### [TASK DESCRIPTION]
Please give back, exactly as written, the lines from the line with "Flirty & Fun" to the line with "Mr. Bastian Suresh" in the listing below, leaving out all pictures.

-- RECORDS SUPPLIED follows --

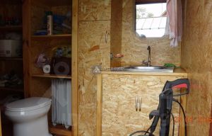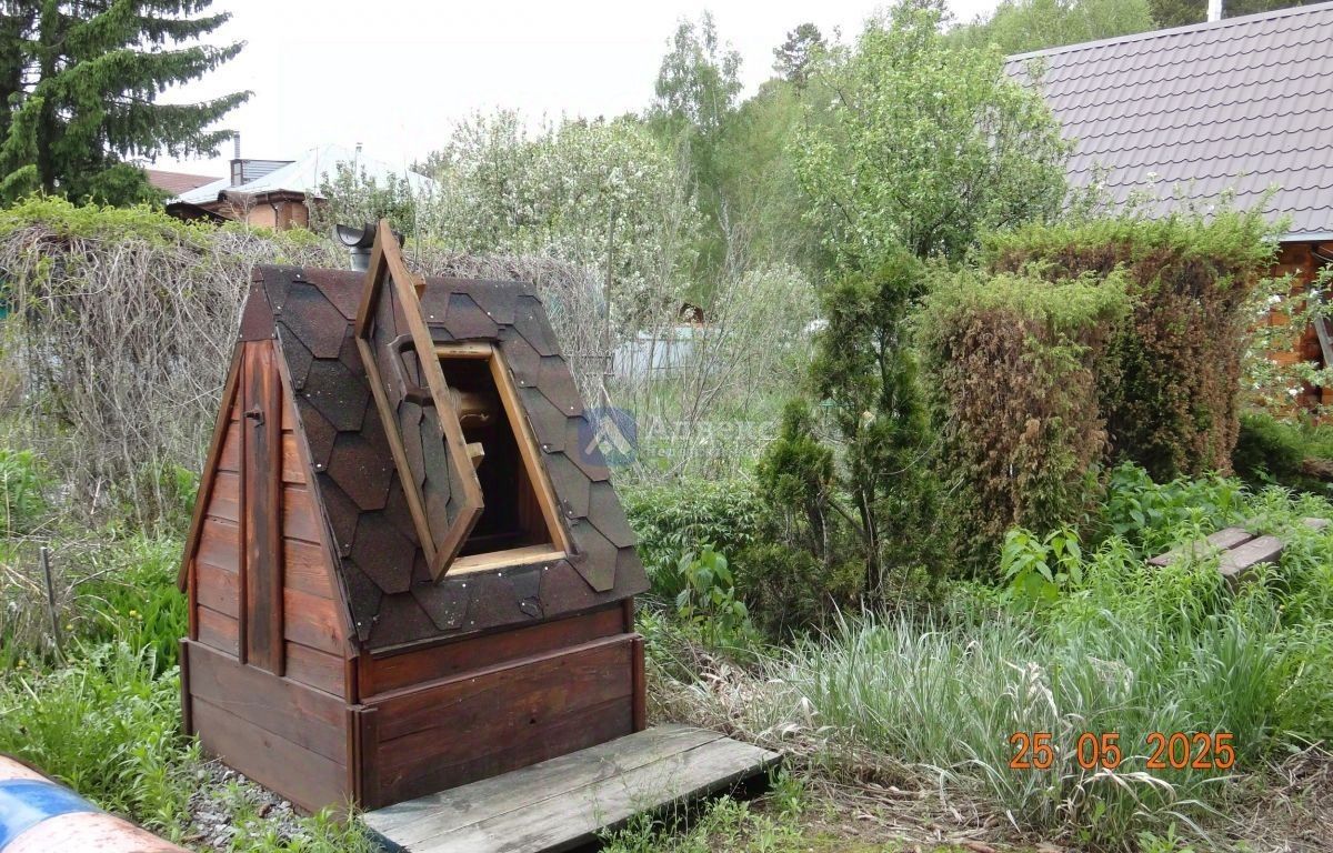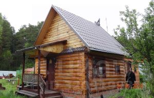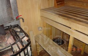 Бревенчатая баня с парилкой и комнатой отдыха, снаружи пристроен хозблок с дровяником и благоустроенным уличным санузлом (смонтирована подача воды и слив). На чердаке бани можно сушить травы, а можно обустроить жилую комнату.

-- RECORDS SUPPLIED concluded --
-- RECORDS SUPPLIED follows --

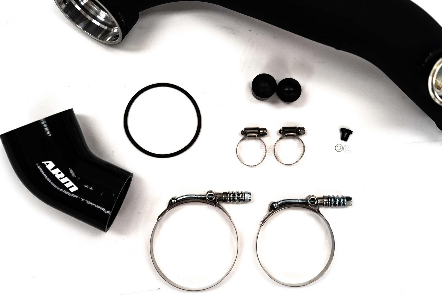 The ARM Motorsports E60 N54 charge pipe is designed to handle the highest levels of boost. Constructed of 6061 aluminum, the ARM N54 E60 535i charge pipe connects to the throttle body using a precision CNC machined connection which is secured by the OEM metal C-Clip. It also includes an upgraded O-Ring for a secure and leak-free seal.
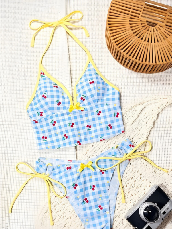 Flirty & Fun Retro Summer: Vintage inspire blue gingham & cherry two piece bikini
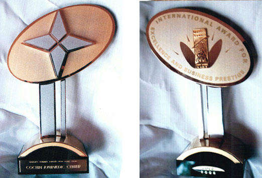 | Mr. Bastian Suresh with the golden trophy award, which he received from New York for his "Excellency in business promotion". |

-- RECORDS SUPPLIED concluded --

### [EXPECTED OUTPUT]
 Flirty & Fun Retro Summer: Vintage inspire blue gingham & cherry two piece bikini
 | Mr. Bastian Suresh with the golden trophy award, which he received from New York for his "Excellency in business promotion". |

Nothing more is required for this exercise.